(Data extracts)

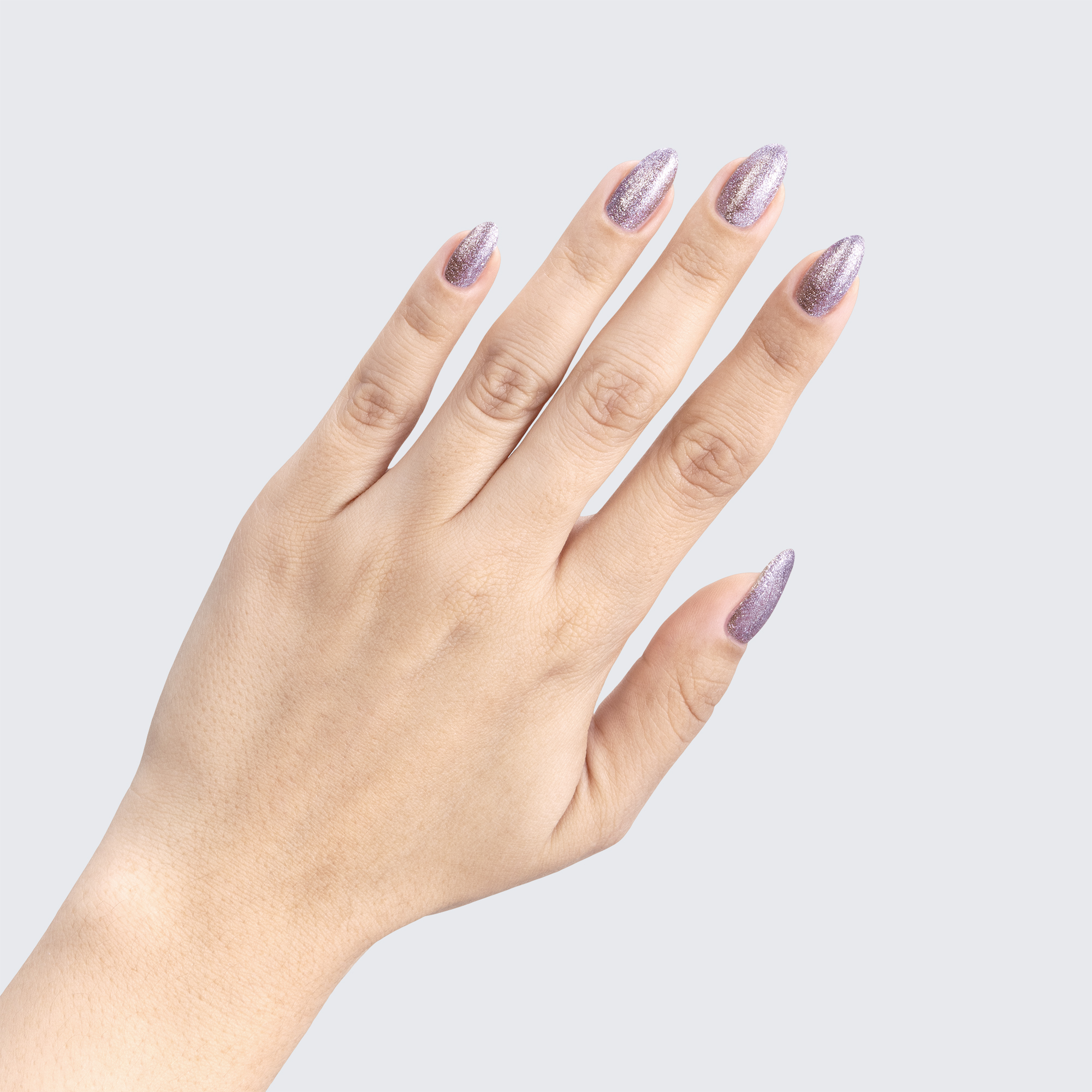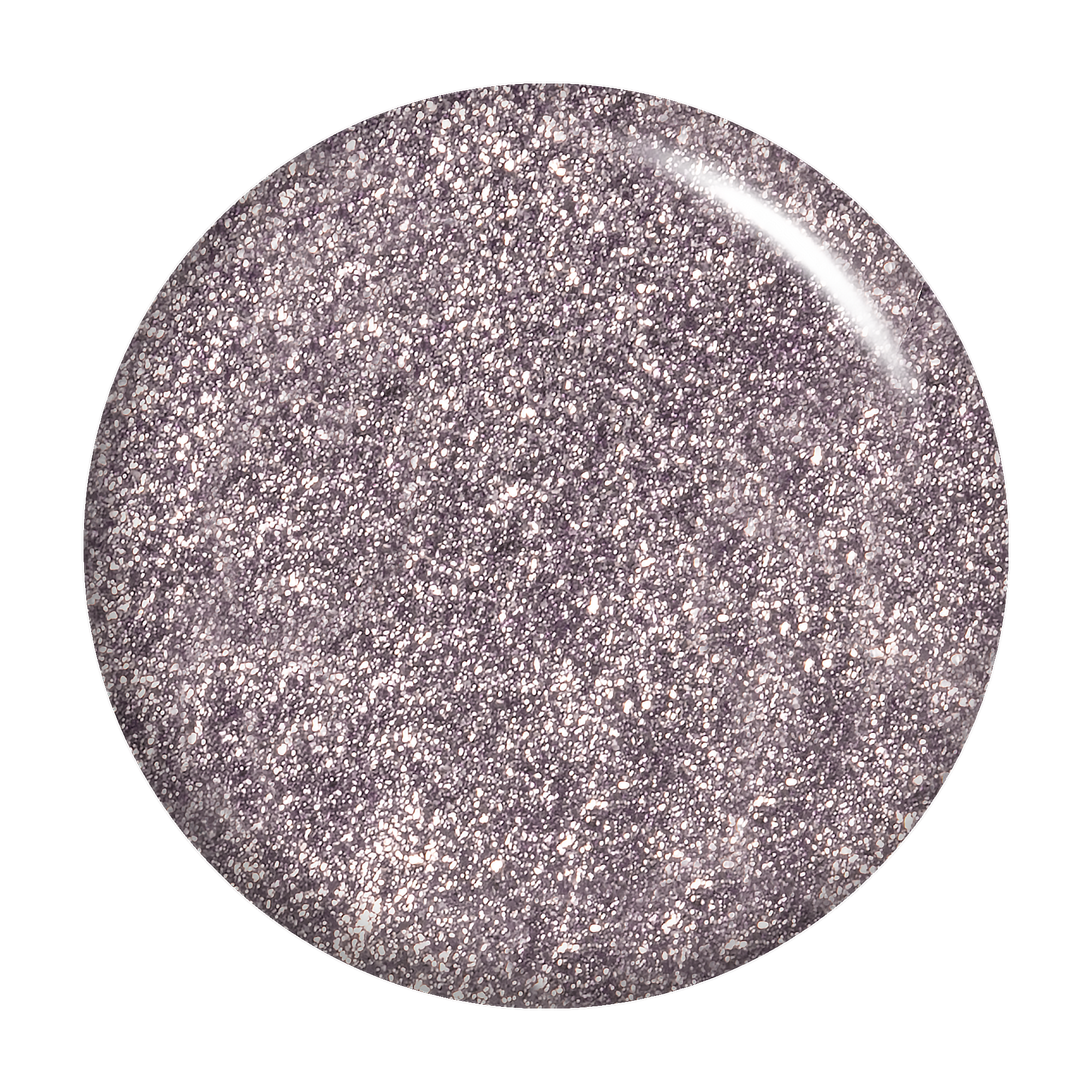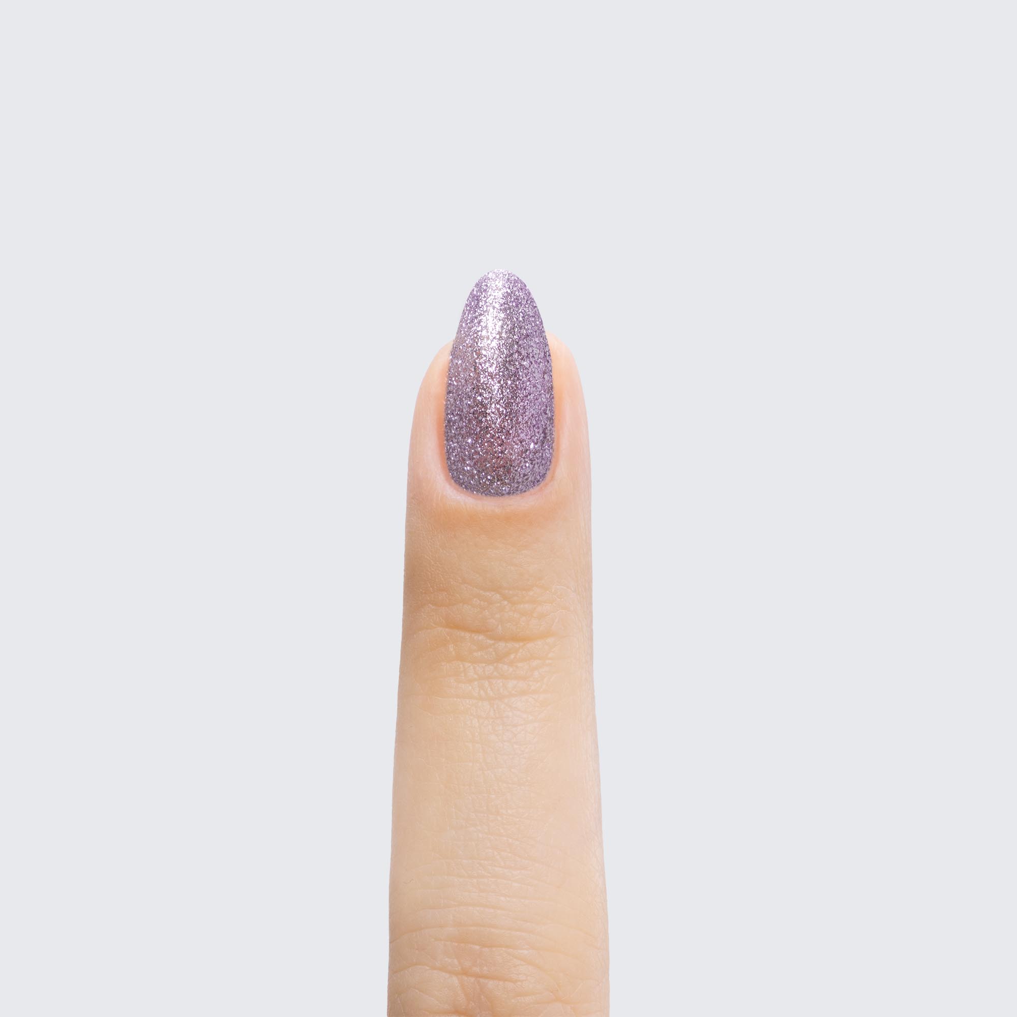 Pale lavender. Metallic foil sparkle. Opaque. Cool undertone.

(End Data extracts)
(Data extracts)

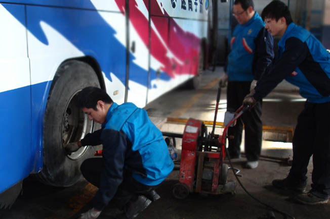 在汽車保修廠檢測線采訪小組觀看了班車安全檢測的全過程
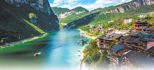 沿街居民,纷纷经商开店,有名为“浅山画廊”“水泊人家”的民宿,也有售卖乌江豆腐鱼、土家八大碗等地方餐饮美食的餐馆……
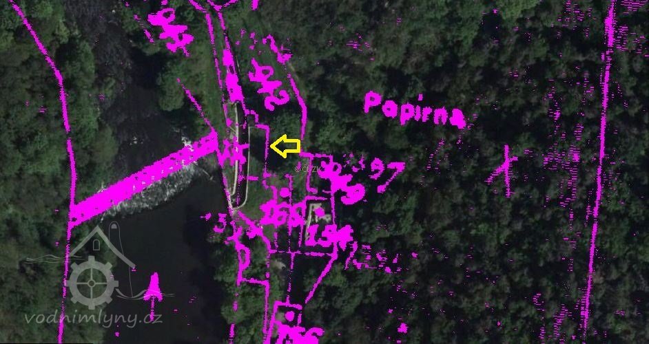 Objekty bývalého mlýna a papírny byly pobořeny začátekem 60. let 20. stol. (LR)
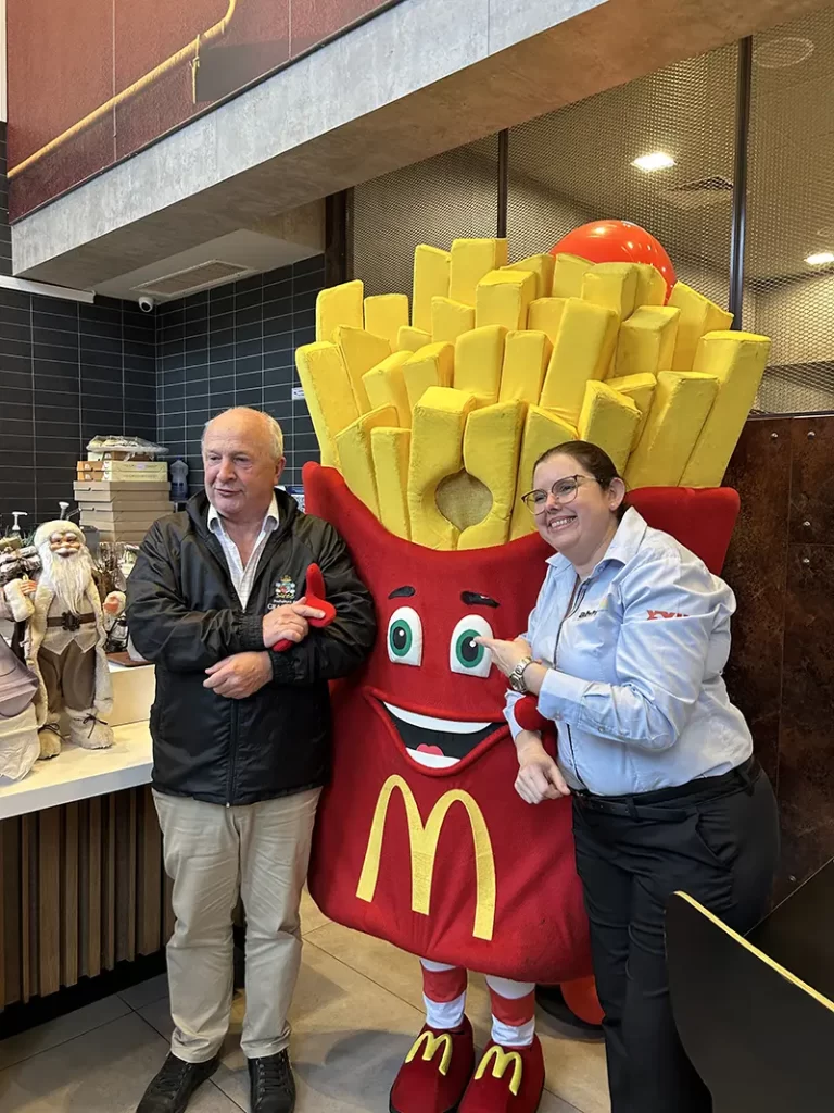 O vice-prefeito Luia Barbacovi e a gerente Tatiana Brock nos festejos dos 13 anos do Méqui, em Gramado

(End Data extracts)
(Data extracts)

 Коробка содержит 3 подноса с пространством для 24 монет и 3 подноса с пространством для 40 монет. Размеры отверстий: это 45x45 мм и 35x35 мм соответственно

(End Data extracts)

About this task: Only the lines starting at the one with "在汽車保修廠檢測線采訪小組觀看了班車安全檢測的全過程" and ending at the one with "O vice-prefeito Luia" should be printed, each exactly as it appears in the material above; the pictures are to be omitted.

Result below:
 在汽車保修廠檢測線采訪小組觀看了班車安全檢測的全過程
 沿街居民,纷纷经商开店,有名为“浅山画廊”“水泊人家”的民宿,也有售卖乌江豆腐鱼、土家八大碗等地方餐饮美食的餐馆……
 Objekty bývalého mlýna a papírny byly pobořeny začátekem 60. let 20. stol. (LR)
 O vice-prefeito Luia Barbacovi e a gerente Tatiana Brock nos festejos dos 13 anos do Méqui, em Gramado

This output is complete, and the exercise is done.